START Data for review

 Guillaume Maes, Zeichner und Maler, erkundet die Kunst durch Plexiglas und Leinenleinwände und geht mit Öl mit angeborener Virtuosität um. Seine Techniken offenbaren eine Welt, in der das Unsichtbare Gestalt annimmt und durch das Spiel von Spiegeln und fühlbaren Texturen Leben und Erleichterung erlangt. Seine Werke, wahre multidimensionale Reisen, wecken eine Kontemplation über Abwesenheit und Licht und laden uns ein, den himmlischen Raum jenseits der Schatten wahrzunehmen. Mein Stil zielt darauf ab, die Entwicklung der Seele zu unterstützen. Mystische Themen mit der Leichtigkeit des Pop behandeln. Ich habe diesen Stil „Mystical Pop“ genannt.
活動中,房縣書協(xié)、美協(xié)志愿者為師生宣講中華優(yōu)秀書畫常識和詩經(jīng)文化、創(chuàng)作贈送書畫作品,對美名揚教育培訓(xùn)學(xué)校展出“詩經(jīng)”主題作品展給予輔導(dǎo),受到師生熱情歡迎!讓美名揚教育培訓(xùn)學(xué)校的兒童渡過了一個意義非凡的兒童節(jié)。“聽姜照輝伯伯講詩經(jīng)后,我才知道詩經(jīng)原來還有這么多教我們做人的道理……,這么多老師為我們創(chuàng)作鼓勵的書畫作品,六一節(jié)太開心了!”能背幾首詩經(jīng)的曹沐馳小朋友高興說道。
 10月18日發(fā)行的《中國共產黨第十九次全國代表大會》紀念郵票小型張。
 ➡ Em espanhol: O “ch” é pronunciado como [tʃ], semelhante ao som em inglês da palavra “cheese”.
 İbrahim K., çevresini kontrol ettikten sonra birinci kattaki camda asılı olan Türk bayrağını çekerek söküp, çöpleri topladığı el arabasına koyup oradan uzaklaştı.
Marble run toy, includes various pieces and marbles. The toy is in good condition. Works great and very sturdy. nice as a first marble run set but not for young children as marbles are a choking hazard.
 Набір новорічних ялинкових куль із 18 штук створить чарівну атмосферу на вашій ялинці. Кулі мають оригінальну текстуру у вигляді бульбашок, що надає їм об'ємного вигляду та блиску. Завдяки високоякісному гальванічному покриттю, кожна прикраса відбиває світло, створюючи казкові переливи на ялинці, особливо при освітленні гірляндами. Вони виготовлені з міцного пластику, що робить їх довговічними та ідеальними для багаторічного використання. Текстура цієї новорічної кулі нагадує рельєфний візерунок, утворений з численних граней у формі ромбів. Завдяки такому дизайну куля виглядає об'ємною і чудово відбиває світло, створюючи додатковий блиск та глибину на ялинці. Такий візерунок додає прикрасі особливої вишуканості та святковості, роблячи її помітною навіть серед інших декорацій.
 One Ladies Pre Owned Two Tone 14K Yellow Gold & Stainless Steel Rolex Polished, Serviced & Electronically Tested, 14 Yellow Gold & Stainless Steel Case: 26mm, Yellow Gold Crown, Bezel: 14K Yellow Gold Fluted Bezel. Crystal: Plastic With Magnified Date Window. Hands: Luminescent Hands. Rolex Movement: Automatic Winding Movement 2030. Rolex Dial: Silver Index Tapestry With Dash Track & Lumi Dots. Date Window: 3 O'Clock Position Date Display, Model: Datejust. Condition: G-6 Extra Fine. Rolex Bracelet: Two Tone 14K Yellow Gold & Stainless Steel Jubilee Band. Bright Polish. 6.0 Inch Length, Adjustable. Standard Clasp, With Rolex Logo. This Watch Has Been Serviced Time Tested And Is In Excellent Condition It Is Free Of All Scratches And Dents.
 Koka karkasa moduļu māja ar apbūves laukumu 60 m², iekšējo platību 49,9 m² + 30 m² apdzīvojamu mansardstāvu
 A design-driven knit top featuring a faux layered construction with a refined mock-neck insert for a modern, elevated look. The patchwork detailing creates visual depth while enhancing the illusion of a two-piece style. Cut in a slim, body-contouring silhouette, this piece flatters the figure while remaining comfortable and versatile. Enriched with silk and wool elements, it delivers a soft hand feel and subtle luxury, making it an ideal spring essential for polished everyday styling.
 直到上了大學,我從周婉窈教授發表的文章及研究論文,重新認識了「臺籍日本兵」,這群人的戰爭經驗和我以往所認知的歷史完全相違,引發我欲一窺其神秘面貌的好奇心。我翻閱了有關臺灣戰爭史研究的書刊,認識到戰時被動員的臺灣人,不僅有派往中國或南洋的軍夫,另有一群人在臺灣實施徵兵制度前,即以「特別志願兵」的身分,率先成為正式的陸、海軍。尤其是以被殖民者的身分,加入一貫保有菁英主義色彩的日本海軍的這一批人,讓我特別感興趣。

END Data for review

* [Action item] Take the data above and return it exactly.

* [Result for this task]
 Guillaume Maes, Zeichner und Maler, erkundet die Kunst durch Plexiglas und Leinenleinwände und geht mit Öl mit angeborener Virtuosität um. Seine Techniken offenbaren eine Welt, in der das Unsichtbare Gestalt annimmt und durch das Spiel von Spiegeln und fühlbaren Texturen Leben und Erleichterung erlangt. Seine Werke, wahre multidimensionale Reisen, wecken eine Kontemplation über Abwesenheit und Licht und laden uns ein, den himmlischen Raum jenseits der Schatten wahrzunehmen. Mein Stil zielt darauf ab, die Entwicklung der Seele zu unterstützen. Mystische Themen mit der Leichtigkeit des Pop behandeln. Ich habe diesen Stil „Mystical Pop“ genannt.
活動中,房縣書協(xié)、美協(xié)志愿者為師生宣講中華優(yōu)秀書畫常識和詩經(jīng)文化、創(chuàng)作贈送書畫作品,對美名揚教育培訓(xùn)學(xué)校展出“詩經(jīng)”主題作品展給予輔導(dǎo),受到師生熱情歡迎!讓美名揚教育培訓(xùn)學(xué)校的兒童渡過了一個意義非凡的兒童節(jié)。“聽姜照輝伯伯講詩經(jīng)后,我才知道詩經(jīng)原來還有這么多教我們做人的道理……,這么多老師為我們創(chuàng)作鼓勵的書畫作品,六一節(jié)太開心了!”能背幾首詩經(jīng)的曹沐馳小朋友高興說道。
 10月18日發(fā)行的《中國共產黨第十九次全國代表大會》紀念郵票小型張。
 ➡ Em espanhol: O “ch” é pronunciado como [tʃ], semelhante ao som em inglês da palavra “cheese”.
 İbrahim K., çevresini kontrol ettikten sonra birinci kattaki camda asılı olan Türk bayrağını çekerek söküp, çöpleri topladığı el arabasına koyup oradan uzaklaştı.
Marble run toy, includes various pieces and marbles. The toy is in good condition. Works great and very sturdy. nice as a first marble run set but not for young children as marbles are a choking hazard.
 Набір новорічних ялинкових куль із 18 штук створить чарівну атмосферу на вашій ялинці. Кулі мають оригінальну текстуру у вигляді бульбашок, що надає їм об'ємного вигляду та блиску. Завдяки високоякісному гальванічному покриттю, кожна прикраса відбиває світло, створюючи казкові переливи на ялинці, особливо при освітленні гірляндами. Вони виготовлені з міцного пластику, що робить їх довговічними та ідеальними для багаторічного використання. Текстура цієї новорічної кулі нагадує рельєфний візерунок, утворений з численних граней у формі ромбів. Завдяки такому дизайну куля виглядає об'ємною і чудово відбиває світло, створюючи додатковий блиск та глибину на ялинці. Такий візерунок додає прикрасі особливої вишуканості та святковості, роблячи її помітною навіть серед інших декорацій.
 One Ladies Pre Owned Two Tone 14K Yellow Gold & Stainless Steel Rolex Polished, Serviced & Electronically Tested, 14 Yellow Gold & Stainless Steel Case: 26mm, Yellow Gold Crown, Bezel: 14K Yellow Gold Fluted Bezel. Crystal: Plastic With Magnified Date Window. Hands: Luminescent Hands. Rolex Movement: Automatic Winding Movement 2030. Rolex Dial: Silver Index Tapestry With Dash Track & Lumi Dots. Date Window: 3 O'Clock Position Date Display, Model: Datejust. Condition: G-6 Extra Fine. Rolex Bracelet: Two Tone 14K Yellow Gold & Stainless Steel Jubilee Band. Bright Polish. 6.0 Inch Length, Adjustable. Standard Clasp, With Rolex Logo. This Watch Has Been Serviced Time Tested And Is In Excellent Condition It Is Free Of All Scratches And Dents.
 Koka karkasa moduļu māja ar apbūves laukumu 60 m², iekšējo platību 49,9 m² + 30 m² apdzīvojamu mansardstāvu
 A design-driven knit top featuring a faux layered construction with a refined mock-neck insert for a modern, elevated look. The patchwork detailing creates visual depth while enhancing the illusion of a two-piece style. Cut in a slim, body-contouring silhouette, this piece flatters the figure while remaining comfortable and versatile. Enriched with silk and wool elements, it delivers a soft hand feel and subtle luxury, making it an ideal spring essential for polished everyday styling.
 直到上了大學,我從周婉窈教授發表的文章及研究論文,重新認識了「臺籍日本兵」,這群人的戰爭經驗和我以往所認知的歷史完全相違,引發我欲一窺其神秘面貌的好奇心。我翻閱了有關臺灣戰爭史研究的書刊,認識到戰時被動員的臺灣人,不僅有派往中國或南洋的軍夫,另有一群人在臺灣實施徵兵制度前,即以「特別志願兵」的身分,率先成為正式的陸、海軍。尤其是以被殖民者的身分,加入一貫保有菁英主義色彩的日本海軍的這一批人,讓我特別感興趣。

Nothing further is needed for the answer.